╭─ Information
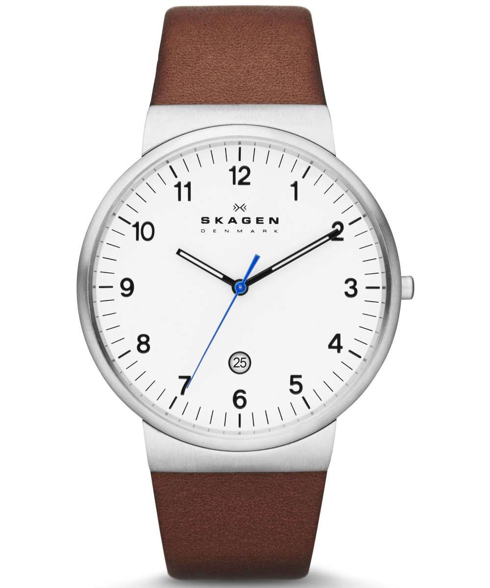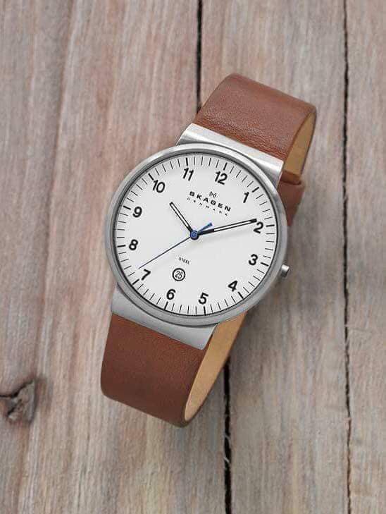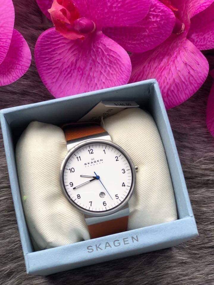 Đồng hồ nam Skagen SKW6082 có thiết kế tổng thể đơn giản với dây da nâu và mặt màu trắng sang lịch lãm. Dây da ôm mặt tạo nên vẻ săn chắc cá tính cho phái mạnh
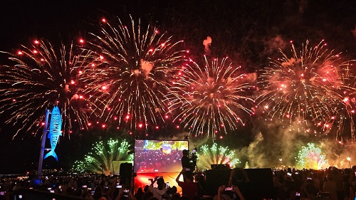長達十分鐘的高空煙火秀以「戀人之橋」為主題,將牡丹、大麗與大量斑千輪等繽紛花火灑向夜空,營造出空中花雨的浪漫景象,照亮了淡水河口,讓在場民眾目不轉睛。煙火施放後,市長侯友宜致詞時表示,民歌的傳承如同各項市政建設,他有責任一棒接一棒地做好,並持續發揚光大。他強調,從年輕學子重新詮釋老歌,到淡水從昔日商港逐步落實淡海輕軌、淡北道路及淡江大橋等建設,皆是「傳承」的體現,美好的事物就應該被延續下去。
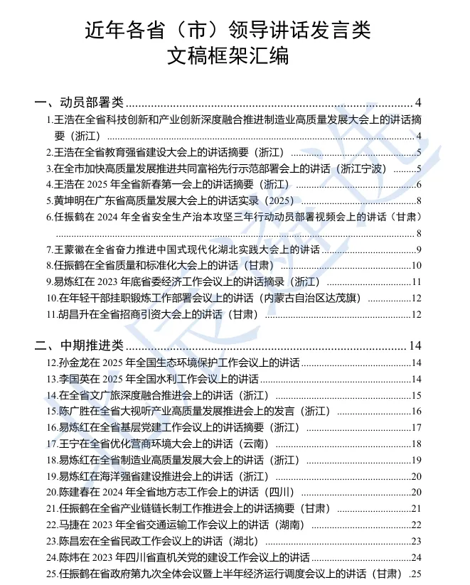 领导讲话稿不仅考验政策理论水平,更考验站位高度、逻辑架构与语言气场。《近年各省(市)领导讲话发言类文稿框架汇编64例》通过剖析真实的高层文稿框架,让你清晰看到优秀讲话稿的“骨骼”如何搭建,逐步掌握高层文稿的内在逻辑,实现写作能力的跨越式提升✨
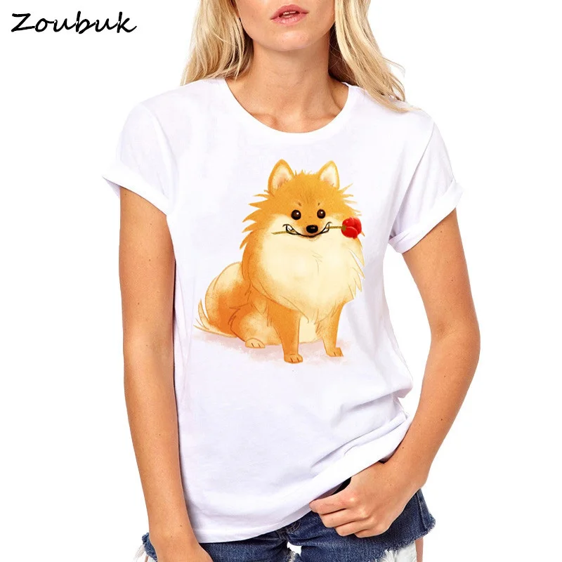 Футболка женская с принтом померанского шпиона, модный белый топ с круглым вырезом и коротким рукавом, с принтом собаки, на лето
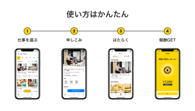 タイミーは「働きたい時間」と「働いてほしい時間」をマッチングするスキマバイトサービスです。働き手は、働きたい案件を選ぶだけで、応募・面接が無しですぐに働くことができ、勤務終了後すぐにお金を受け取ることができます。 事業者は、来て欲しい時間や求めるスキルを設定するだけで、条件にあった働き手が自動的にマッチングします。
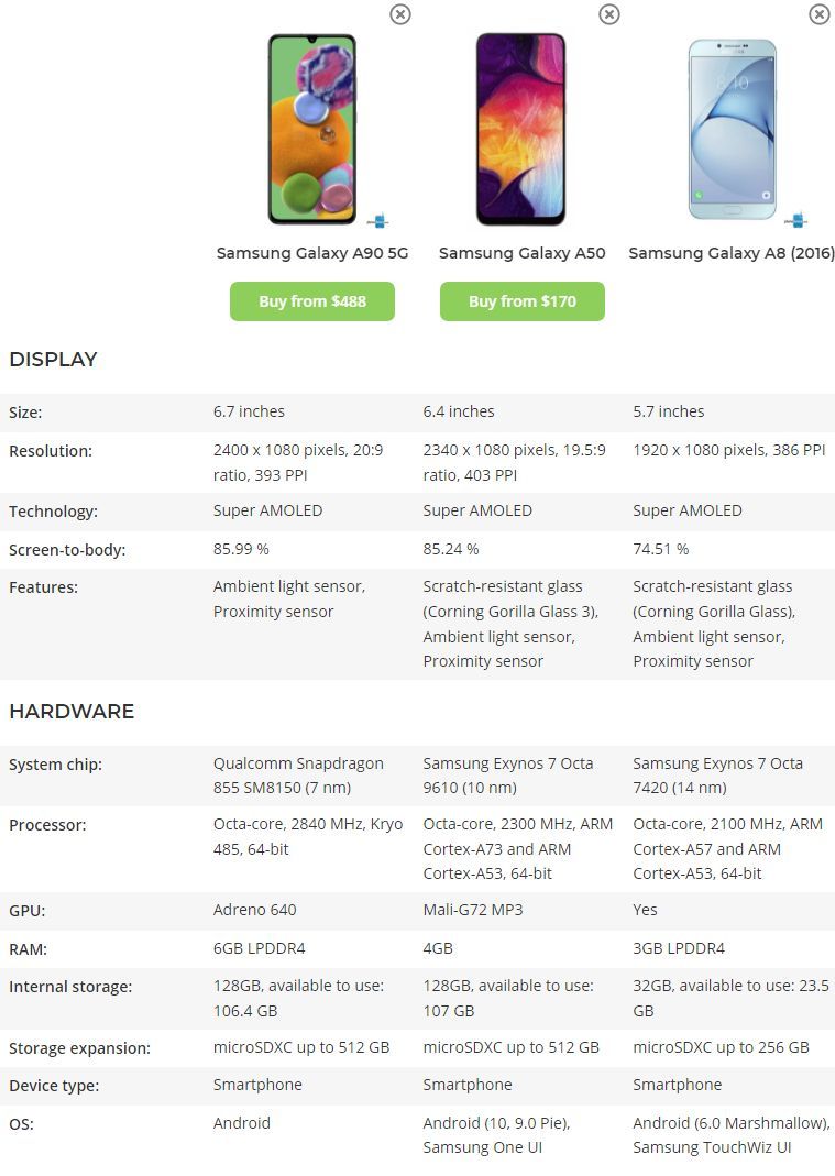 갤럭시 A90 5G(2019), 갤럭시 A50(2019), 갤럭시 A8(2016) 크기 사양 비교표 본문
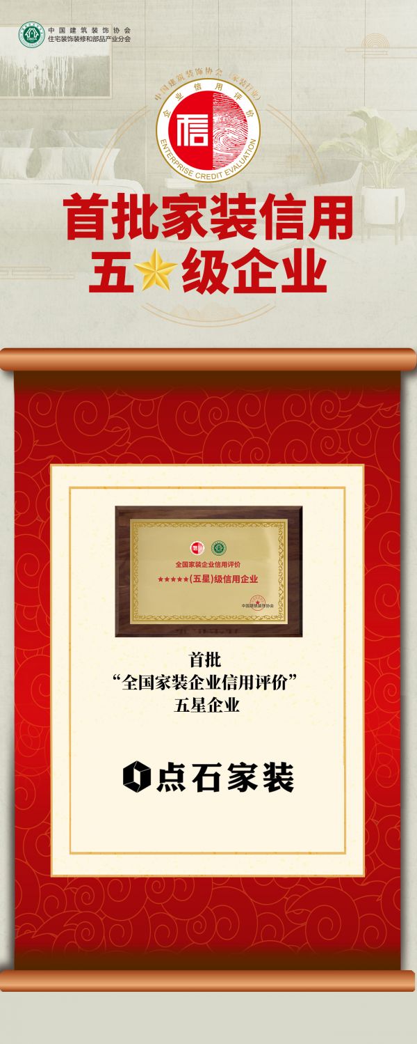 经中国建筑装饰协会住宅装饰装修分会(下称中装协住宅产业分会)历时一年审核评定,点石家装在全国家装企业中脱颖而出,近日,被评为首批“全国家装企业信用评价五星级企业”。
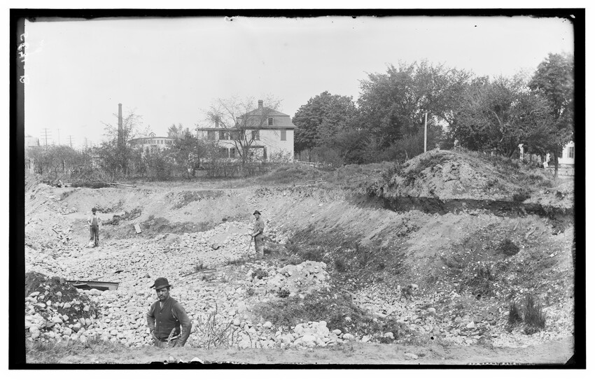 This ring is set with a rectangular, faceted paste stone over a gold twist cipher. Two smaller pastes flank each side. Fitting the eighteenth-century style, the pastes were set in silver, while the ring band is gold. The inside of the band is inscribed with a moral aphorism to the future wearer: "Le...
╰─
Exercise: Take the lines from the first line of the entries through the line with "经中国建筑装饰协会住宅装饰装", inclusive, and give them again exactly, minus any pictures.

Task response:
 Đồng hồ nam Skagen SKW6082 có thiết kế tổng thể đơn giản với dây da nâu và mặt màu trắng sang lịch lãm. Dây da ôm mặt tạo nên vẻ săn chắc cá tính cho phái mạnh
長達十分鐘的高空煙火秀以「戀人之橋」為主題,將牡丹、大麗與大量斑千輪等繽紛花火灑向夜空,營造出空中花雨的浪漫景象,照亮了淡水河口,讓在場民眾目不轉睛。煙火施放後,市長侯友宜致詞時表示,民歌的傳承如同各項市政建設,他有責任一棒接一棒地做好,並持續發揚光大。他強調,從年輕學子重新詮釋老歌,到淡水從昔日商港逐步落實淡海輕軌、淡北道路及淡江大橋等建設,皆是「傳承」的體現,美好的事物就應該被延續下去。
 领导讲话稿不仅考验政策理论水平,更考验站位高度、逻辑架构与语言气场。《近年各省(市)领导讲话发言类文稿框架汇编64例》通过剖析真实的高层文稿框架,让你清晰看到优秀讲话稿的“骨骼”如何搭建,逐步掌握高层文稿的内在逻辑,实现写作能力的跨越式提升✨
 Футболка женская с принтом померанского шпиона, модный белый топ с круглым вырезом и коротким рукавом, с принтом собаки, на лето
 タイミーは「働きたい時間」と「働いてほしい時間」をマッチングするスキマバイトサービスです。働き手は、働きたい案件を選ぶだけで、応募・面接が無しですぐに働くことができ、勤務終了後すぐにお金を受け取ることができます。 事業者は、来て欲しい時間や求めるスキルを設定するだけで、条件にあった働き手が自動的にマッチングします。
 갤럭시 A90 5G(2019), 갤럭시 A50(2019), 갤럭시 A8(2016) 크기 사양 비교표 본문
 经中国建筑装饰协会住宅装饰装修分会(下称中装协住宅产业分会)历时一年审核评定,点石家装在全国家装企业中脱颖而出,近日,被评为首批“全国家装企业信用评价五星级企业”。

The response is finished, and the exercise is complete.